> _DATA FOR PROCESSING_
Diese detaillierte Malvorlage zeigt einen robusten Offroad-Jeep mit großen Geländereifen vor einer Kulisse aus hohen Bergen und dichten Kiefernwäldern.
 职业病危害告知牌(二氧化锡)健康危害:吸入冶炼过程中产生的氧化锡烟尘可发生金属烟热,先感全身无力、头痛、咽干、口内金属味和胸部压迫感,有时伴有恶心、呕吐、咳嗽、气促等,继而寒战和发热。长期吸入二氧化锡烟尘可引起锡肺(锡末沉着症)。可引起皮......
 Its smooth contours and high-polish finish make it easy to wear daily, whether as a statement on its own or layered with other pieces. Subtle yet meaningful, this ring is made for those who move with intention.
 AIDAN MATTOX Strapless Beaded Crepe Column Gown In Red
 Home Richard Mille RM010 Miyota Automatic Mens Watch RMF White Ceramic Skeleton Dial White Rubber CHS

* * *

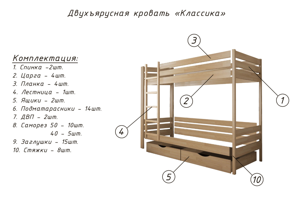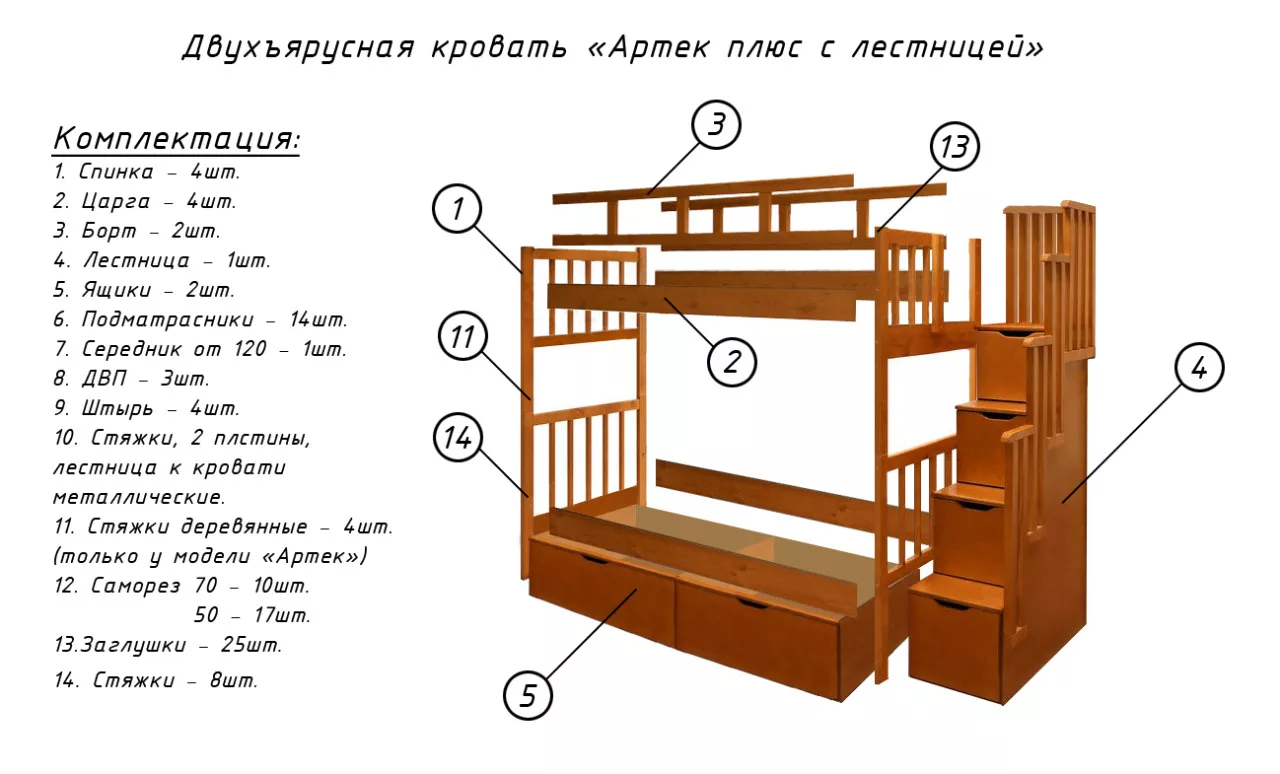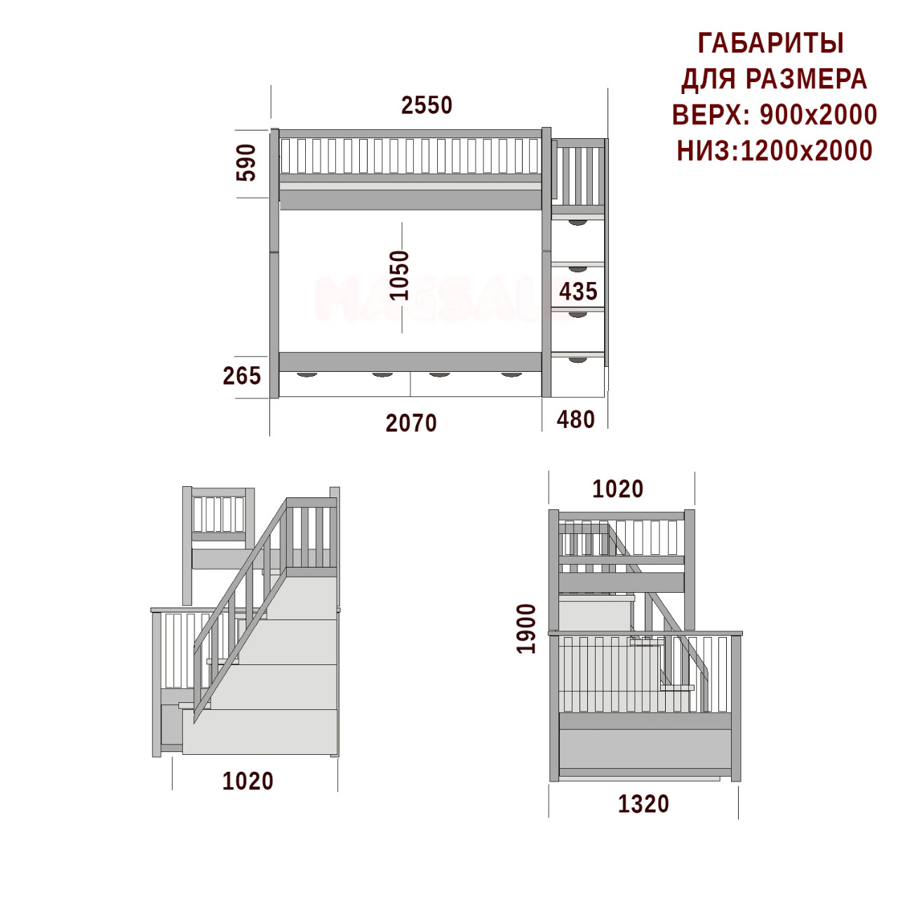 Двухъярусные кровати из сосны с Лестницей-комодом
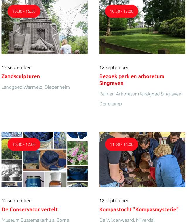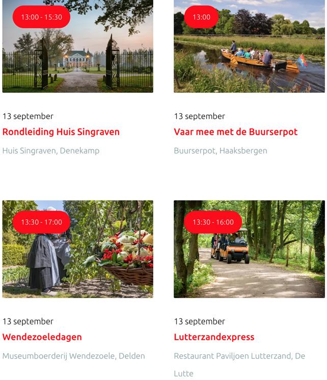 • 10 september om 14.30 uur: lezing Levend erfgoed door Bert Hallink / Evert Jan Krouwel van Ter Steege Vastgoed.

> _EXERCISE DETAILS_
Could you return exactly the stretch of the data above that starts at the line with "Its smooth contours" and ends at the line with "Home Richard Mille", both lines included?

> _WRITTEN RESPONSE_
 Its smooth contours and high-polish finish make it easy to wear daily, whether as a statement on its own or layered with other pieces. Subtle yet meaningful, this ring is made for those who move with intention.
 AIDAN MATTOX Strapless Beaded Crepe Column Gown In Red
 Home Richard Mille RM010 Miyota Automatic Mens Watch RMF White Ceramic Skeleton Dial White Rubber CHS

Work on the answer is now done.